All MPS types have a clinical spectrum, i.e., neuronopathic and non-neuronopathic. The severe end of the spectrum for MPS I and MPS II with rapidly progressing patients comes under neuronopathic phenotype (involvement of the brain) whereas the milder end of the spectrum includes non-neuronopathic patients for MPS I, II and MPS VI with slowly progressing symptoms. Usually, patients in both MPS I and II accumulate common GAGs (HS and DS), therefore, patients share some of the characteristic phenotypical manifestations, such as short stature due to skeletal disease, inguinal and umbilical hernias, hydrocephalus, hearing loss, coarse facial features, protruded abdomen with hepatosplenomegaly, and varying degree of cognitive dysfunction based on HS/DS ratio [5]. Clinical presentation of MPS VI is similar to MPS I without neurocognitive impairment based on only DS accumulation. The severe phenotype is characterized by more severe dysostosis multiplex with a final mean height of 1.15 m [6]. Earlier, the life expectancy of patients with severe phenotypic MPS was short, due to the unavailability of diagnostic methods, and multi-disciplinary care, and hence, very limited patients survived beyond childhood [7]. However, with improved care and the emergence of new therapies, patients with MPS I, MPS II, and VI have shown a trend towards longer survival over recent decades (1990–2010s), leading to an increase in the population of older MPS patients. Considering that this trend towards longer survival will continue to grow, MPS is expected to eventually become a chronic medical issue in the future [7, 8].

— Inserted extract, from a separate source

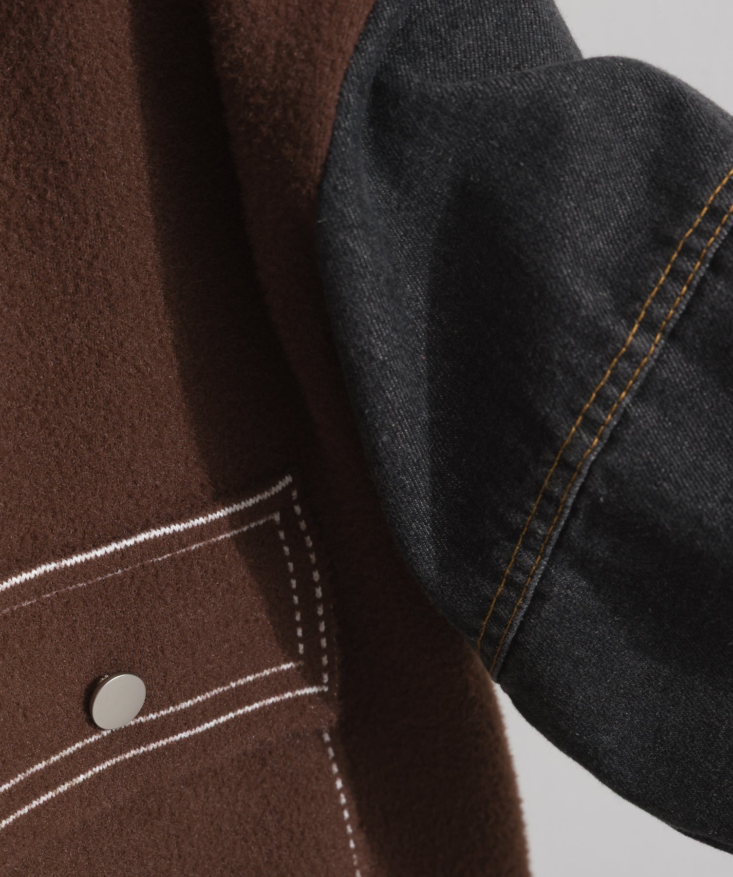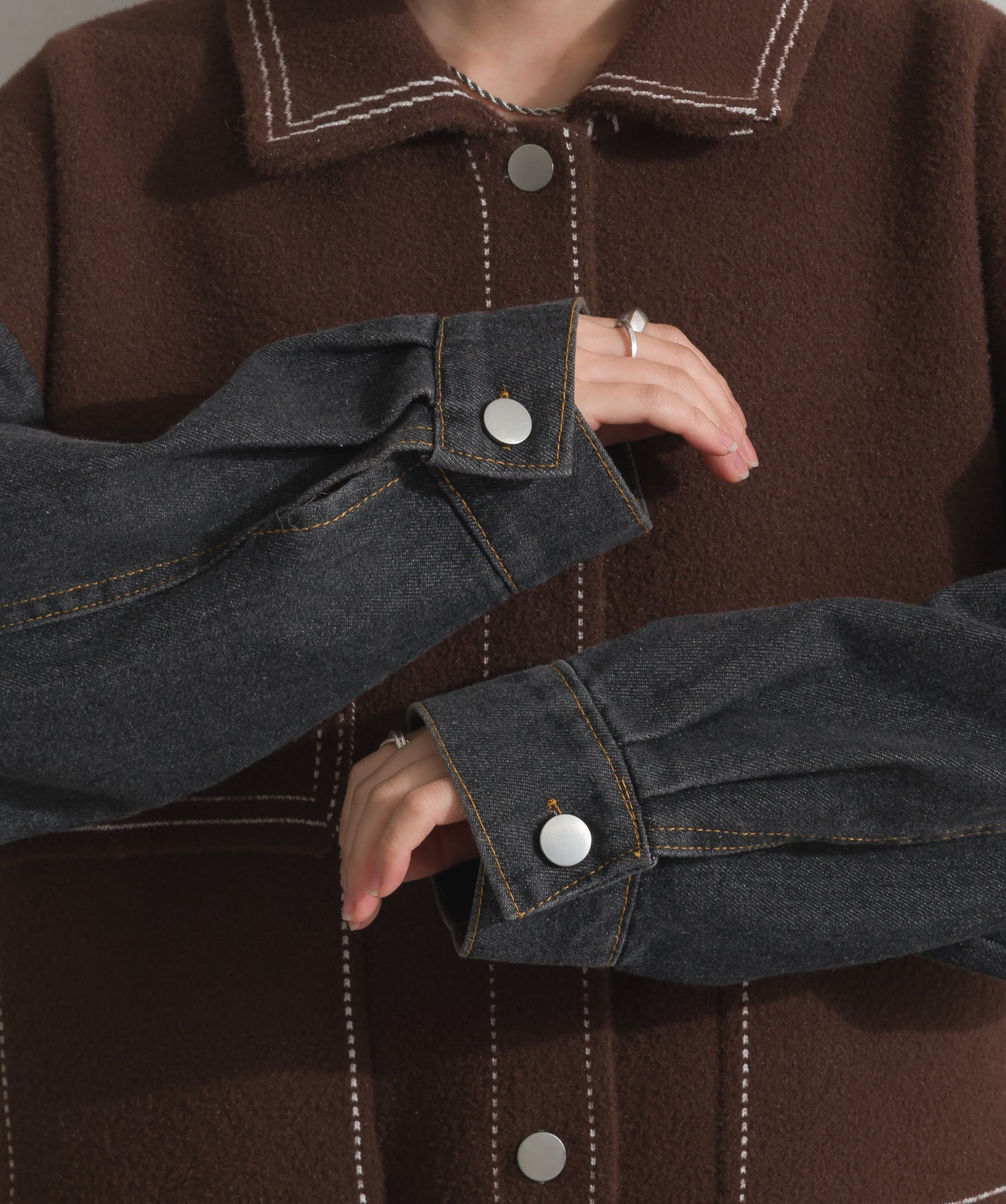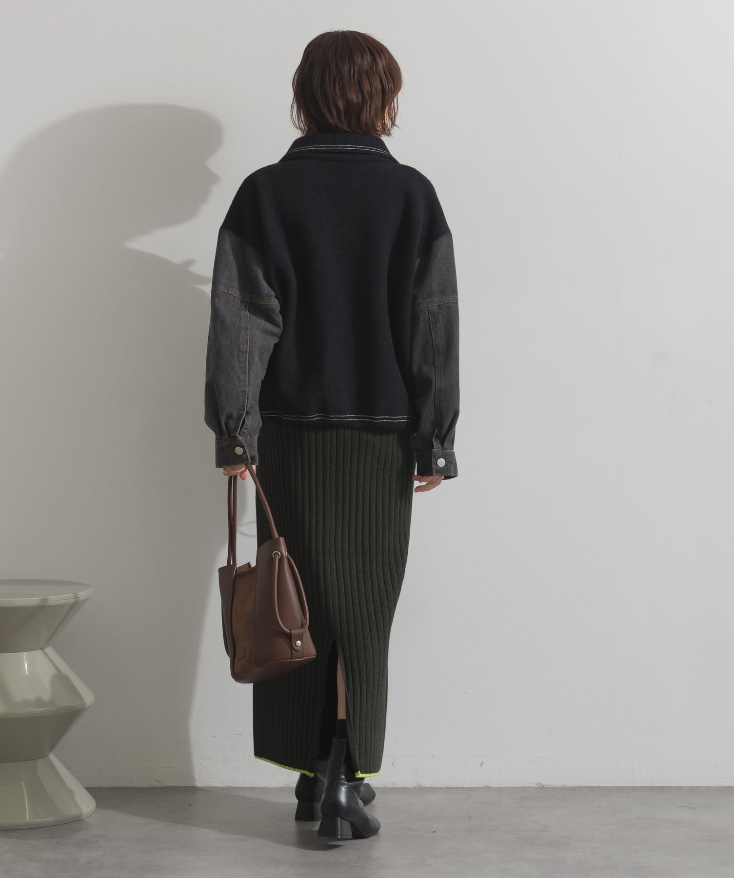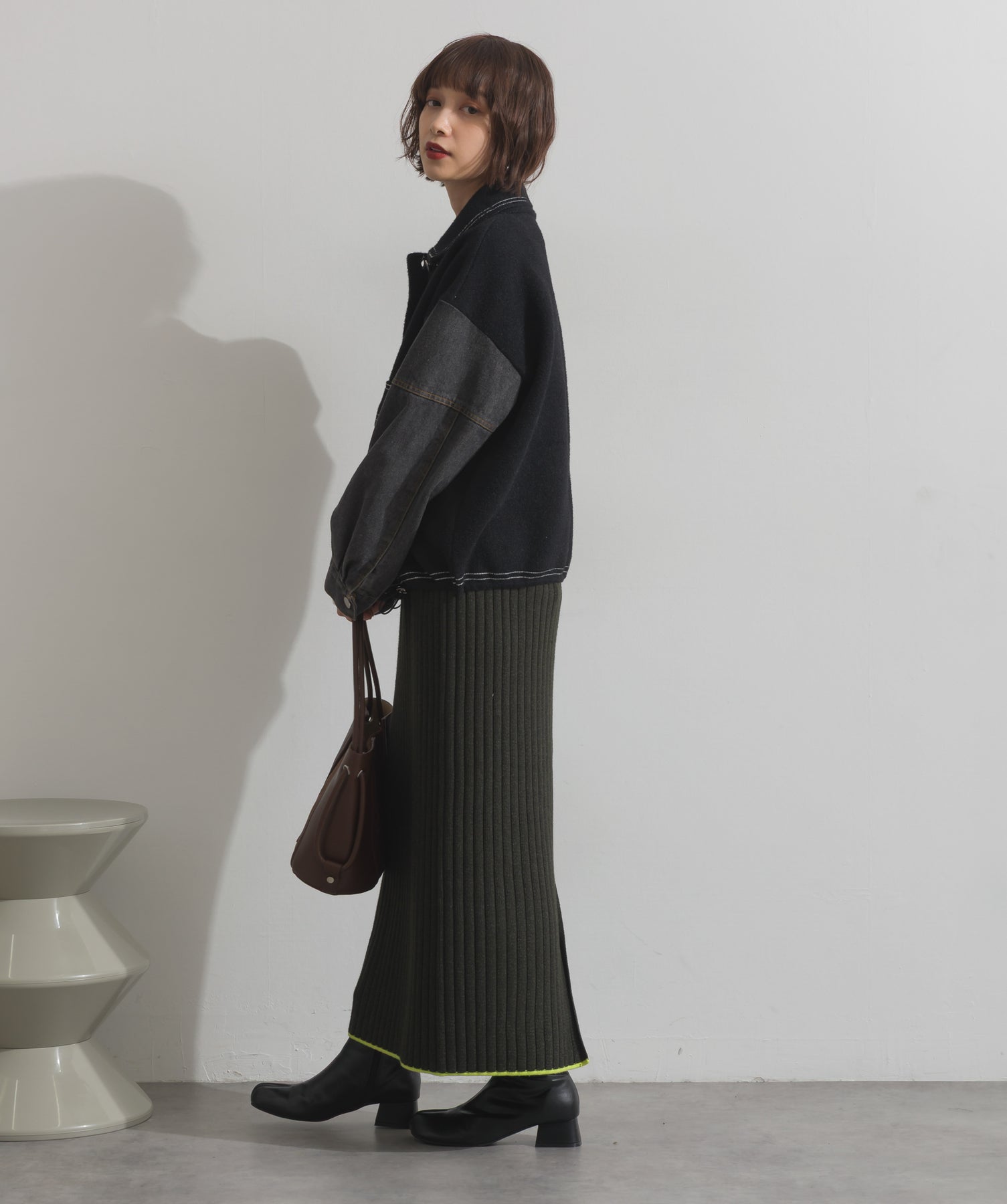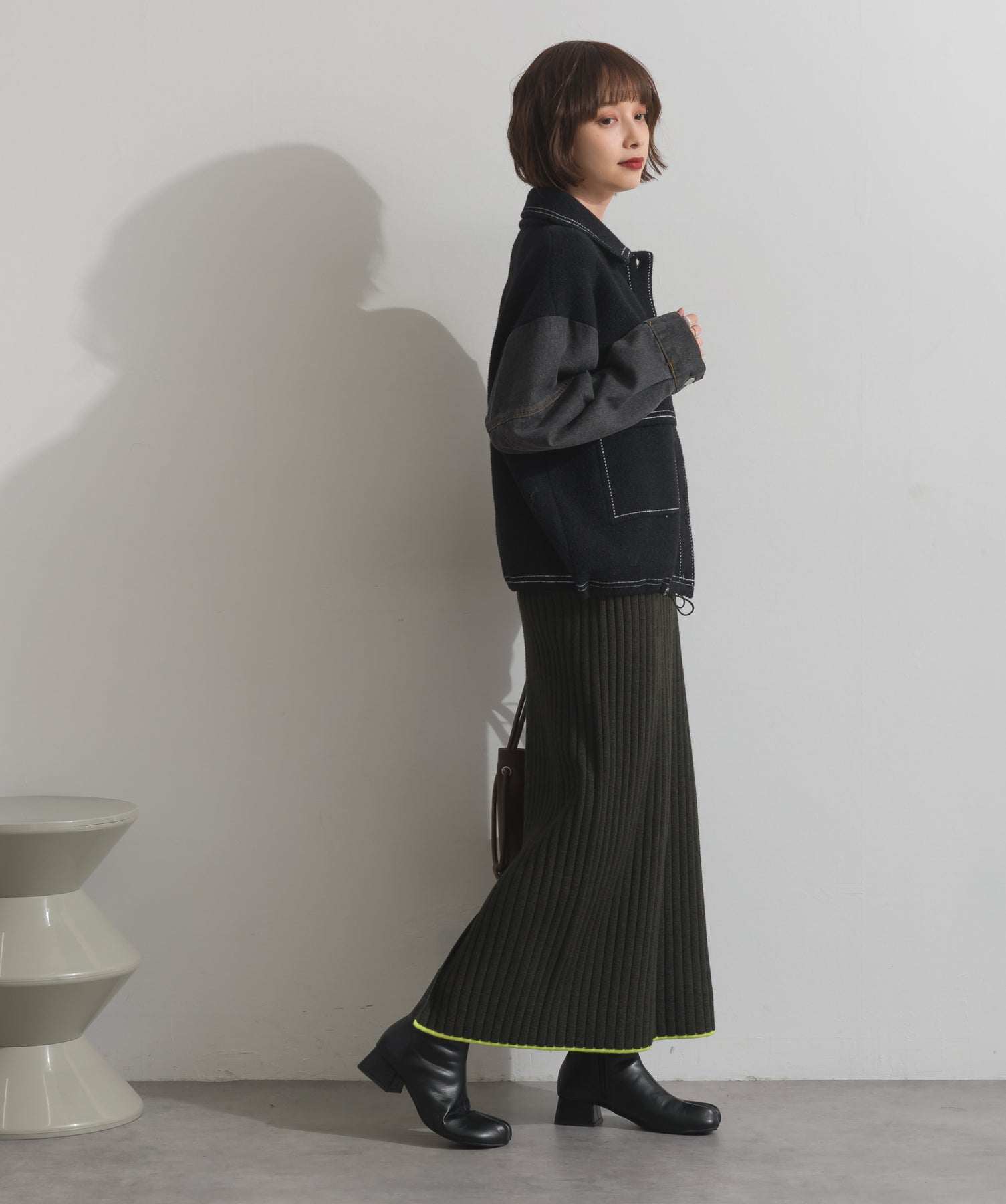 異素材MIXで魅せる、主役級ジャケットカーデ。-material-厚手でハリ感のあるしっかりとしたニット素材をベースに。配色のデニム切り替えを袖に施し、タフさとラフさを兼ね備えたモダンな印象に仕上げました。-design-ワークジャケットの要素を取り入れたビッグポケットとステッチデザインが、存在感を高めるアクセントに。ヒップまで隠れるオーバーシルエットで、羽織るだけで旬なスタイリングが完成します。ボタンを留めてトップス使いにも、アウター感覚でさらっと羽織っても◎。ユニセックスライクな雰囲気と、こなれ感のあるバランスが今の気分にぴったり。

The current treatment options available for MPS, such as haematopoietic stem cell transplantation (HSCT) and/or enzyme replacement therapy (ERT), alleviate symptoms of the disease but do not constitute a definite cure. The ERT improves mobility and pulmonary function, reduces the risk of organ damage, and substantially improves the QoL for most patients with MPS [913]. However, recombinant enzyme is inefficient in crossing the blood–brain barrier, hence there are no benefits of ERT in preventing or improving cognitive decline. Also, the effect of ERT on bones, cartilage and cardiac valves is very limited [14]. Consequently, patients with MPS require frequent care and assistance from parents, siblings, and other family members [15]. The physical, emotional, social, and financial impact of MPS not only affects patients but also their families and caregivers providing long-term care [16]. Therefore, it is imperative to understand their life course, unmet needs, challenges in care and develop best practices and follow-up protocols for caregivers and patients struggling with the disease [17].

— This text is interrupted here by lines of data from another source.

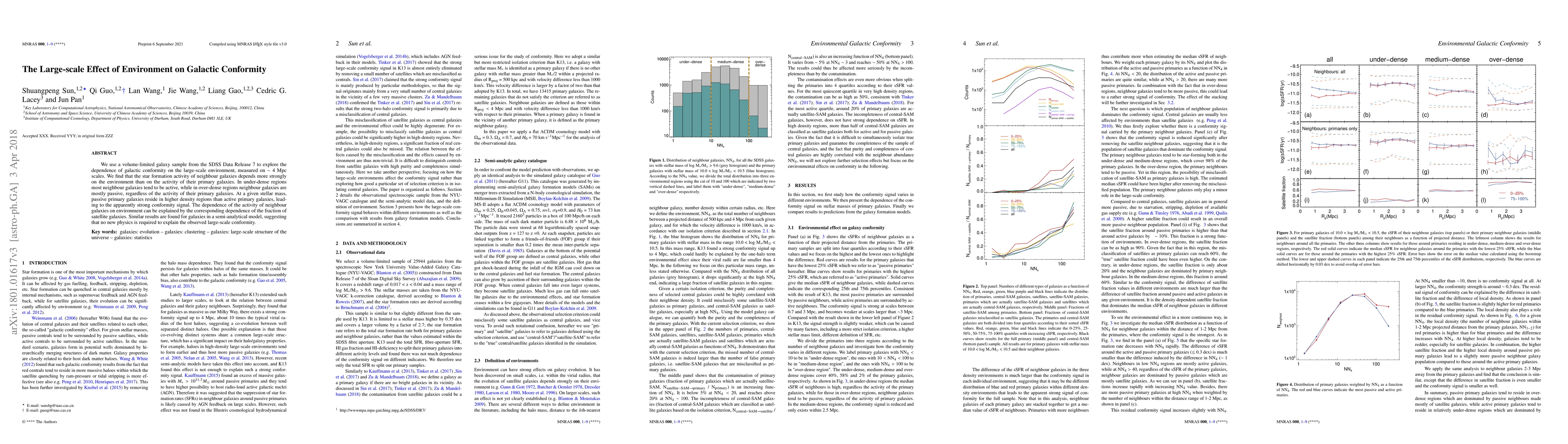 Galactic conformity is influenced more strongly by large-scale environment than primary galaxy activity, with neighbour galaxies in under-dense regions being mostly active and those in over-dense regions passive.
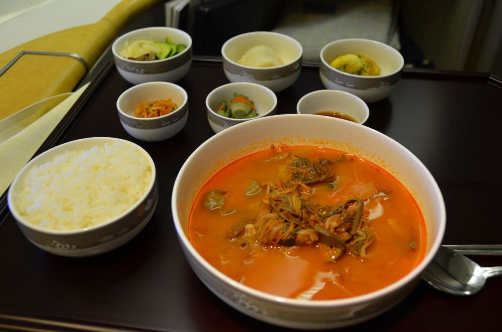 This time, I opted for the Korean Service – Yukjaeyang, a spicy beef soup with many side dishes. It was prepared in advance in the galley and served on a large tray at my table with the side dishes perfectly prepared in advance.
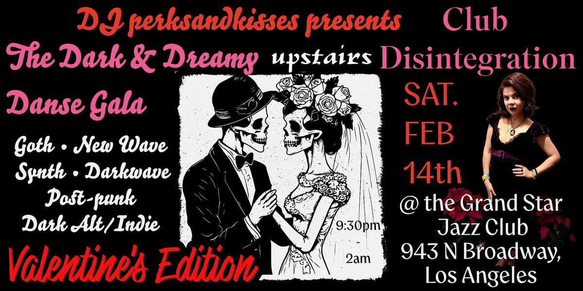 SAT. FEB. 14th, DJ perksandkisses hosts a special Valentine's Edition of Club Disintegration, the dark & dreamy danse gala in Los Angeles!
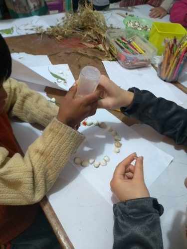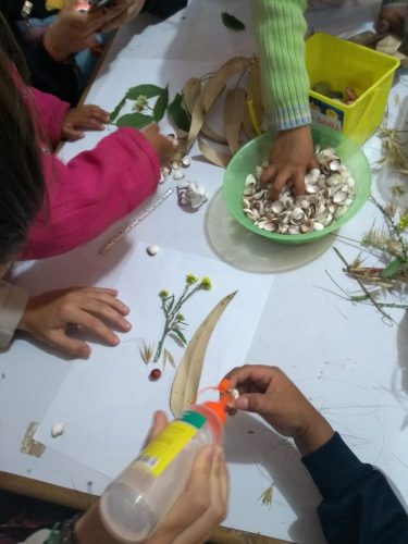 Super activité où les enfants ont pris énormément de plaisir. Bon, pour être franche, les coquillages nous ne les avons pas trouvés à « La Pampa », mais il y en avait à l’ONG et les enfants avaient envie de les utiliser, alors…
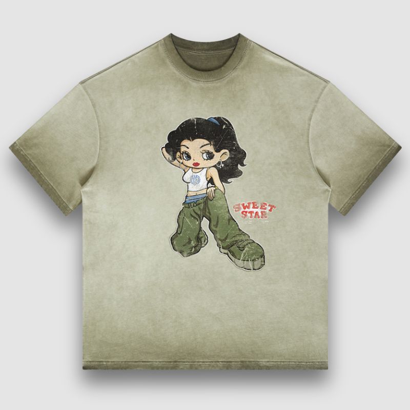 Características: Camiseta. Cuello redondo. Manga corta. Diseño de estampado de personajes de dibujos animados. Lavado. Degradado. Unisex. Ajuste relajado. De gran tamaño. Conjuntos de pareja.
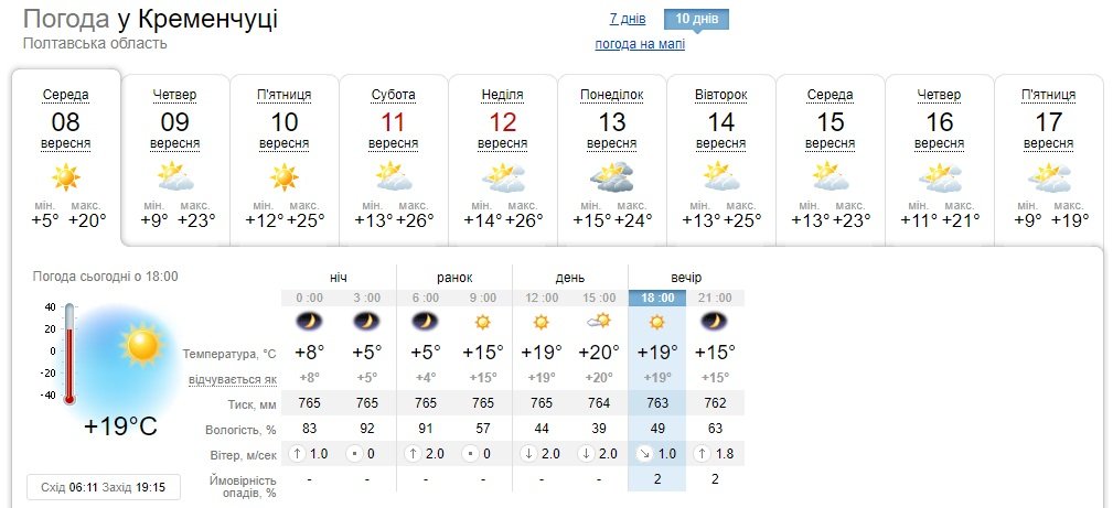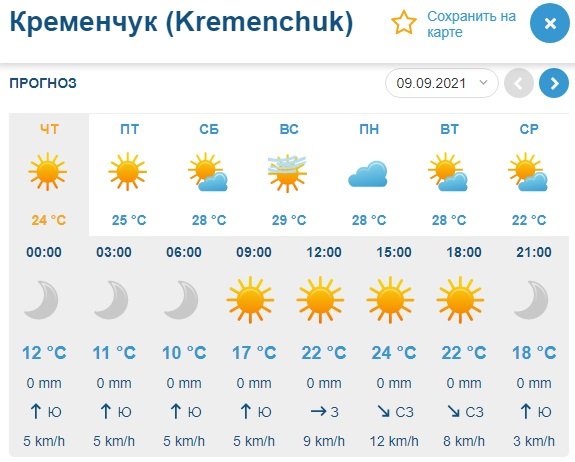 Що стосується Ventusky, цей погодний портал пророкує Кременчуку досить високі як для вересня температурні значення – з суботи, 11 вересня, і до вівторка, 21 вересня, повітря прогріється до рекордних +28-29°С. А от останні два дні цього робочого тижня, четвер і п’ятниця, порадують комфортним температурним режимом – +22-25°С. Дощі найближчим часом не поливатимуть Кременчук, а от сонячних годин буде багато.

The most effective approach to explore about the experience and challenges in the daily life of both patients and caregivers living with a rare condition is qualitative survey studies conducted via in-depth interviews [17, 18]. Particularly in rare diseases such as MPS, a qualitative study can allow a comprehensive understanding of the diversity of attitudes, behaviors, and experiences of an individual living with a rare disorder [19, 20].

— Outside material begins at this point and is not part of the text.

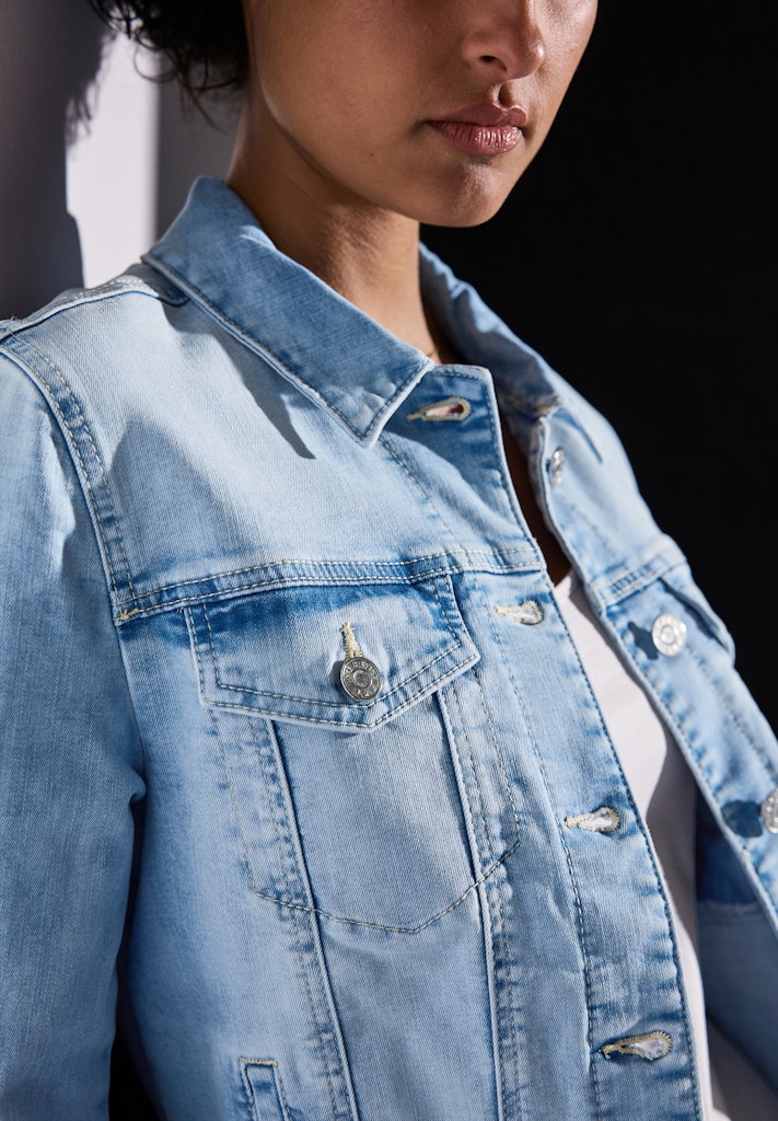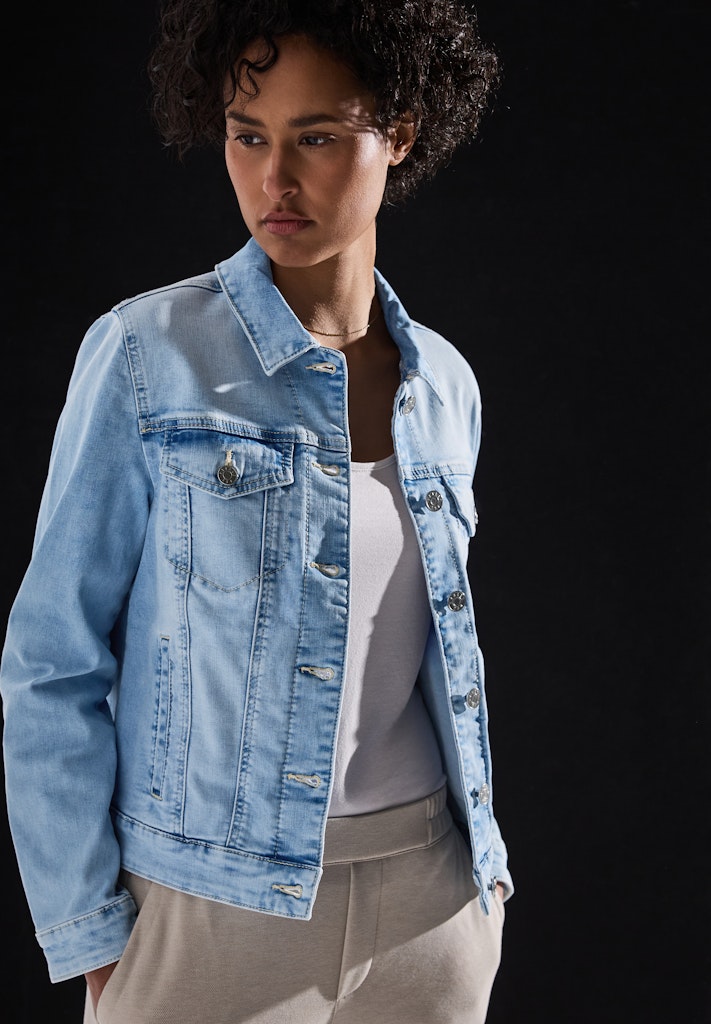 Diese angesagte Denim Jacke von Street One für Damen punktet im modischen Bleached Look und eignet sich ideal als Layering Piece zum Drüberziehen. Die Jeansjacke hat einen Hemdkragen, Brusttaschen und seitliche Taschen sowie eine Knopfleiste. Gefertigt aus einem Baumwollmix mit Stretchanteil ist die Jacke besonders angenehm zu tragen. Denim Jacke Hemdkragen Brusttaschen und seitliche Taschen Knopfleiste Baumwollmix mit Stretchanteil Material: 63% Baumwolle, 25% Polyester, 10% Viskose, 2% Elasthan

The burden of MPS in France has not been thoroughly investigated, except in a retrospective observational study, which evaluated the MPS II burden, organization of clinical care, and effects of idursulfase treatment on the disease in 52 patients in France [21]. Therefore, this French national survey study was conducted to understand the overall management and perception of adolescent and adult patients with MPS I (Hurler, Hurler-Scheie, Scheie syndrome), MPS II (Hunter syndrome), and MPS VI (Maroteaux-Lamy syndrome).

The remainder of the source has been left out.